World’s Most Expensive Babysitter

Another chapter in the saga of hospitals that gouge their patients — this time new parents

by Jennifer Fallon | 26 Feb 2017 at 9:33 PM

If you’re going to deliver a baby any time soon, know that your stay in the hospital may not mean getting extra help or rest.

Alex Cortes and his wife had their daughter, Penelope, at Baptists Memorial Hospital in Oxford, Mississippi. Although Cortes and his wife cared for Penelope for the majority of the time in their room, they did send her to the nursery so that they could get about two hours of sleep.
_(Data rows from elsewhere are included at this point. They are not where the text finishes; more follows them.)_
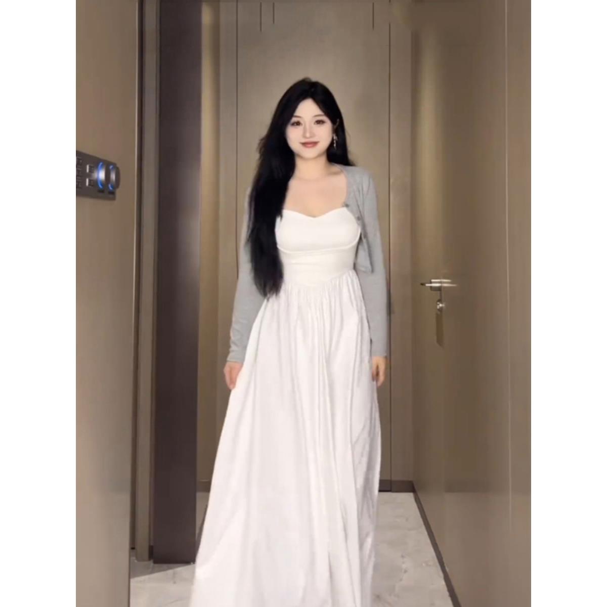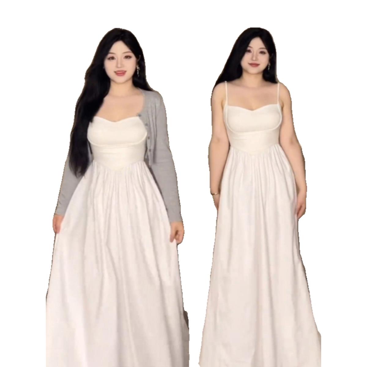 大码胖mm法式收腰白色吊带连衣裙女夏季气质显瘦长裙开衫两件套装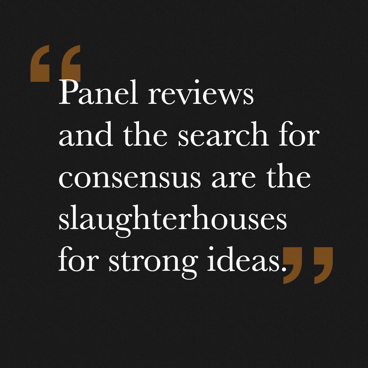 The aberrant idea, in its infancy, when still unshaped, untempered, is easy to snuff out. Think of it as an eaglet, vulnerable to other birds of prey, needing protection and tending. Best to stay the hand, let the idea breathe, give it a chance, and do not try for consensus. Reviews and search for consensus are the slaughterhouses for strong ideas.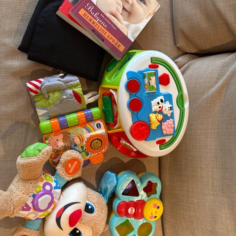 Fisher-Price babyleker sett i plast, flerfarget. Pakken inneholder ulike aktivitetsleker for små barn, blant annet elektroniske aktivitetsleker med knapper og lys, stabelringer, myk kosebamse med markerte kroppsdeler, samt mindre håndholdte leker og en myk stoffbok. Lekene er laget i hovedsak av plast og tekstil, i sterke farger som blå, rød, gul, grønn og oransje. Egnet som aktivitetsleker for baby og småbarn til lek på gulv eller leketeppe.

Since the nurse didn’t mention any additional cost for this — they didn’t anticipate the $1,420 bill that came a few months later.
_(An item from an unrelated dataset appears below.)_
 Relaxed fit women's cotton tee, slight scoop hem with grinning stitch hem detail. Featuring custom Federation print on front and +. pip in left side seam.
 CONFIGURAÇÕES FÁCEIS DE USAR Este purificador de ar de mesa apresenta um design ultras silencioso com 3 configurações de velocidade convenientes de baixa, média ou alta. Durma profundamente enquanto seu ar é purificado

“I get bugged when we go to a Mexican restaurant and they don’t tell us that extra guacamole is going to cost $2 more,” Cortes told LifeZette. But most nurses aren’t privy to billing information and wouldn’t think to explain the extra charges.
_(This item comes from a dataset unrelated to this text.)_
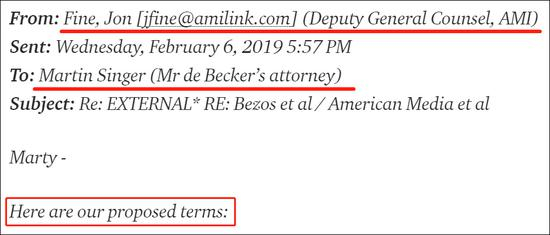 第二封被贝索斯曝光的邮件,由AMI的副法律顾问费恩(Jon Fine)于当地时间2月6日下午5:57发送给辛格,列出了AMI方面的7点提议: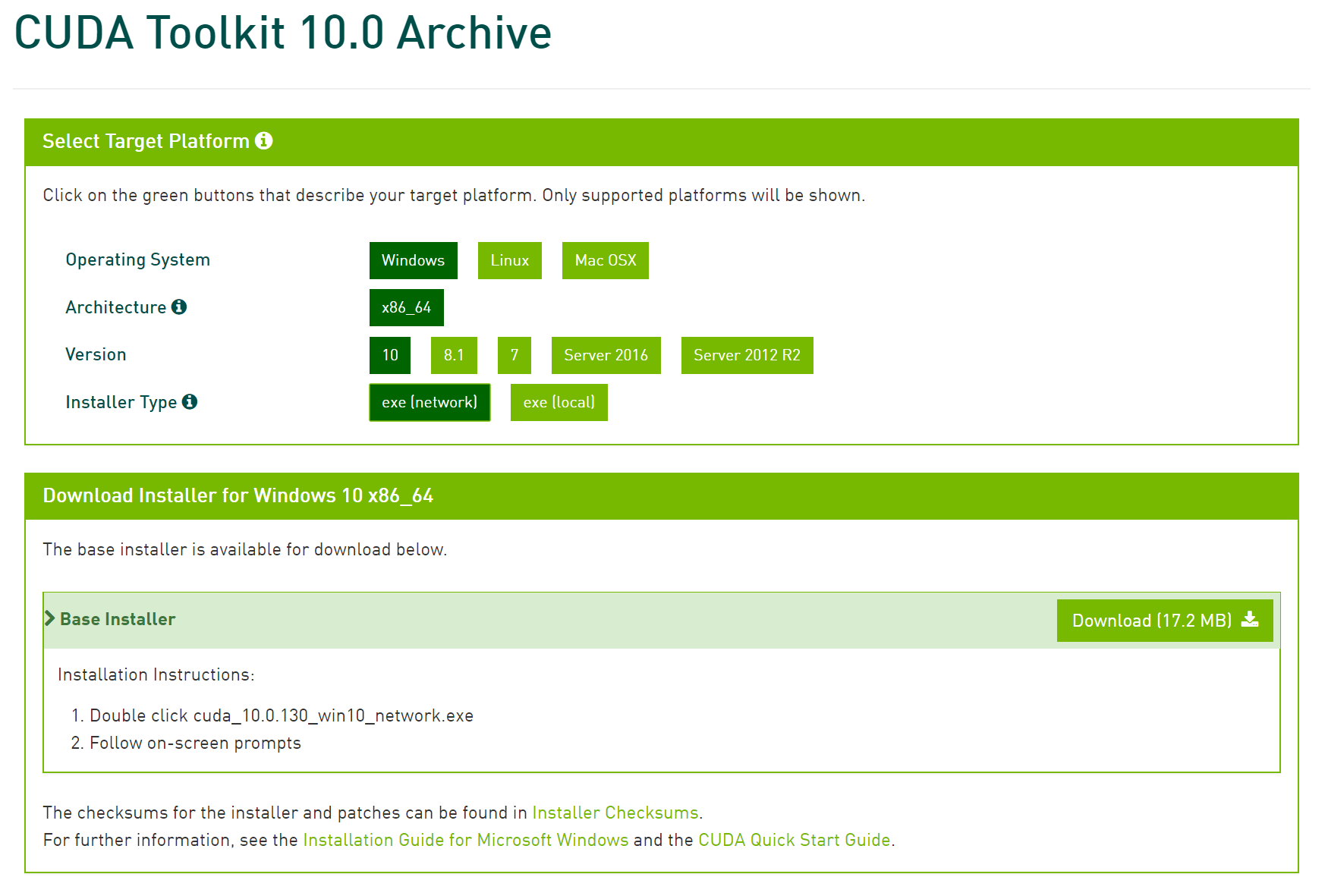 일단 설치는 여기서 한다. https://developer.nvidia.com/cuda-10.0-download-archive (10.0기준)

Since the Cortes family has an insurance plan with a $12,600 annual deductible, they ended up paying for the entire nursery cost out-of-pocket. They ended up paying their entire deductible and close to $9,000 in premiums that year — and had to use money they had set aside for a down payment on a house to cover the bill.

Where Is the Money Going?
The average nurse makes about $35 an hour. The rest of this charge could be overhead for keeping the lights on and supplying diapers and blankets — but that’s still $710 an hour per baby to run a nursery.

“It is really a scam and hospitals have gotten away with it for years,” said one patient advocate.

Surprisingly, nursery care and nursery cost is one area of hospital care in which there’s actually very little markup, according to Dr. Karoline Mortensen, professor of health sector management and policy at the University of Miami in Florida. Anesthesiologists, for instance, typically charge 112 times the cost of delivering their services.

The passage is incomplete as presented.